An asteroid in an elliptical orbit about the sun travels at 2.0 106 m/s at perihelion (the point of closest approach) at a distance of 3.8 108 km from the sun. How fast is it traveling at aphelion (the most distant point), which is 8.3 108 km from the sun?
the angular momentum of the system is constant, so the velocity is inversely proportional the the radius of the orbit
Va = Vp * (Rp / Ra)
To find the speed of the asteroid at aphelion, we can use the concept of conservation of angular momentum. According to this principle, the product of an object's mass, velocity, and the radius of its orbit remains constant as long as there is no external torque acting on it.
Given that the speed of the asteroid at perihelion is 2.0 106 m/s and its distance from the sun is 3.8 108 km (which can be converted to 3.8 × 1011 m), we can use these values to find the angular momentum.
Angular momentum (L) = mass (m) × velocity (v) × radius (r)
L = m × v × r
Now, to find the mass of the asteroid, we need to know its mass in order to calculate the speed at aphelion. However, the mass of the asteroid is not given in the question. Therefore, we need to make an assumption. Let's assume the mass of the asteroid is m kg.
Now, we have:
L1 = m × v1 × r1
where L1 is the angular momentum at perihelion.
To solve for m, we can rearrange the equation:
m = L1 / (v1 × r1)
Next, we can use this value of m to find the speed at aphelion (v2).
L2 = m × v2 × r2
where L2 is the angular momentum at aphelion, r2 is the distance at aphelion (8.3 × 108 km = 8.3 × 1011 m), and v2 is the speed at aphelion (which we want to find).
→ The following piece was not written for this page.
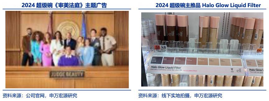 經(jīng)典案例:根據(jù)公司官網(wǎng)、線下實地拍攝、申萬宏源研究等綜合資訊表明,傳統(tǒng)媒介上,E.L.F. BEAUTY 選擇美妝品牌少有涉及的超級碗,打造年度爆品底妝。公司抓住超級 碗帶來的巨大曝光優(yōu)勢,攜手演員 Jennifer Coolidge 拍攝底妝產(chǎn)品 Power Grip Primer 廣告,取得觀眾的積極響應(yīng)。2024 年,公司繼續(xù)沿用超級碗流量,以審美法庭(Judge Beauty) 作為主題,邀請演員 Gina Torres、Rick Hoffman、Sarah Rafferty 等多位明星,打造 Halo Glow Liquid Filter 爆品。
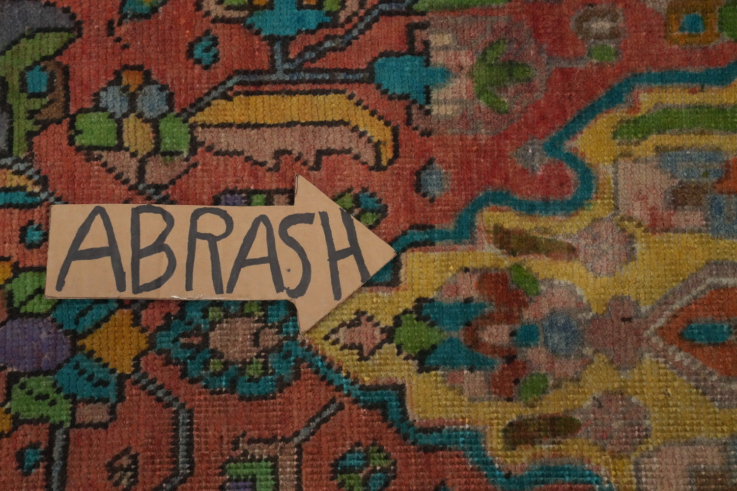 A Beautiful Genuine Persia ( Persia ) Heriz rug is Hand Knotted by skillful weavers in Persia ( Persia ) with 100% Wool Material. This rug is in Very Good (Evenly Low Pile-Abrash-Small Repair) condition. dimensions are 12' 5'' X 3' 4'' in foot and 378 X 102 in centimeter. the primary color is Oranges & Rust.

By substituting the value of m, we get:
L2 = (L1 / (v1 × r1)) × v2 × r2
Now, we can rearrange and solve for v2:
v2 = (L2 × v1 × r1) / (L1 × r2)
Substituting the given values:
L1 = (m × v1 × r1) = (m × 2.0 × 106 m/s × 3.8 × 1011 m)
L2 = (m × v2 × r2) = (m × v2 × 8.3 × 1011 m)
Now we can substitute these values in the equation:
v2 = (m × v2 × 8.3 × 1011 m) / (m × 2.0 × 106 m/s × 3.8 × 1011 m)
Simplifying, we can cancel out the masses and distance units:
v2 = (v2 × 8.3 × 1011 m) / (2.0 × 106 m/s × 3.8 × 1011 m)
v2 = (8.3 / (2.0 × 3.8)) × 1011 / 106 m/s
Let's solve this equation:
v2 ≈ 2.18 × 103 m/s
Therefore, the asteroid is traveling at approximately 2.18 × 103 m/s at aphelion.